By: Jonathan Kang (johnbk.delete@this.gmail.com), September 25, 2007 8:15 am
Room: Moderated Discussions
David W. Hess (dwhess@banishedsouls.org) on 9/22/07 wrote:
---------------------------
>David Kanter (dkanter@realworldtech.com) on 9/22/07 wrote:
>---------------------------
>>>>>Small question - how come they didn't leverage the PCI >Express and needed a new
>>>>>bus (excuse me, p2p interconnect) altogether?
>>>>
>>>>PCI Express isn't coherent, it's also fairly high latency since it uses 8B/10B clock encoding.
>>>
>>>How much latency does 8B/10B encoding contribute? If I am >reading this correctly,
>>>Lattice has a programmable logic implementation optimized >for throughput with only
>>>2 clocks of latency on the encoder and 3 clocks on the >decoder when working exclusively with serial bit streams:
>>>
>>>http://www.latticesemi.com/dynamic/view_document.cfm?document_id=5653
>>
>>So I think the issue is that you'd need at least 10 data transfers to occur before
>>you can get usable data extracted from the symbols.
>
>That is what I thought at first before reading about the Lattice design which is
>pipelined and operates at the serial level. As near as I can tell, the added latency
>including the encoding and decoding is 5 clocks and the symbols are decoded one
>bit at a time which is what caught my attention. Just a cursorily study of the
>5B/6B and 3B/4B code tables convinces me that I must have misunderstood something.

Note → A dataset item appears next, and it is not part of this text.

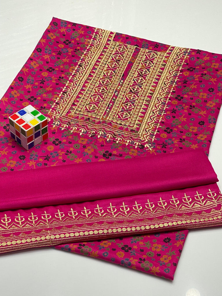 Galla Embroided & All Over Printed Dhanak Shirt

>Now I am going to be up all night thinking about it.
>
8b/10b works by encoding the bottom 5 bits and upper 3 bits separately. That's why there's two blocks. The 5 bits are used to determine "class" (28, 25, etc.) whereas the 3 bits are used to determine polarity of the 10 bit word (+1, -1, neutral) after the 5 bits are encoded already.
The thing missing from just looking at the link-layer of a serdes connection (where 8b/10b is done) is that you're ignoring the physical layer latency involved in any serdes (especially high-speed). When you're recovering a data-word to achieve word-alignment, you're assuming that you've recovered the proper bit-alignment already (the PLL has locked and you have a recovered clock). This is true in most cases since in a serdes like PCI Express or Fiber-channel, the link is always active. Idle characters (k28.5 I believe) is sent across the link when it isn't transmitting data. On power-up, a PLL for a gigabit serial stream usually takes hundreds of cycle times to achieve synchronization.
This obviously makes it unsuitable for a link where one wants to shut down power when the link isn't being used.
---------------------------
>David Kanter (dkanter@realworldtech.com) on 9/22/07 wrote:
>---------------------------
>>>>>Small question - how come they didn't leverage the PCI >Express and needed a new
>>>>>bus (excuse me, p2p interconnect) altogether?
>>>>
>>>>PCI Express isn't coherent, it's also fairly high latency since it uses 8B/10B clock encoding.
>>>
>>>How much latency does 8B/10B encoding contribute? If I am >reading this correctly,
>>>Lattice has a programmable logic implementation optimized >for throughput with only
>>>2 clocks of latency on the encoder and 3 clocks on the >decoder when working exclusively with serial bit streams:
>>>
>>>http://www.latticesemi.com/dynamic/view_document.cfm?document_id=5653
>>
>>So I think the issue is that you'd need at least 10 data transfers to occur before
>>you can get usable data extracted from the symbols.
>
>That is what I thought at first before reading about the Lattice design which is
>pipelined and operates at the serial level. As near as I can tell, the added latency
>including the encoding and decoding is 5 clocks and the symbols are decoded one
>bit at a time which is what caught my attention. Just a cursorily study of the
>5B/6B and 3B/4B code tables convinces me that I must have misunderstood something.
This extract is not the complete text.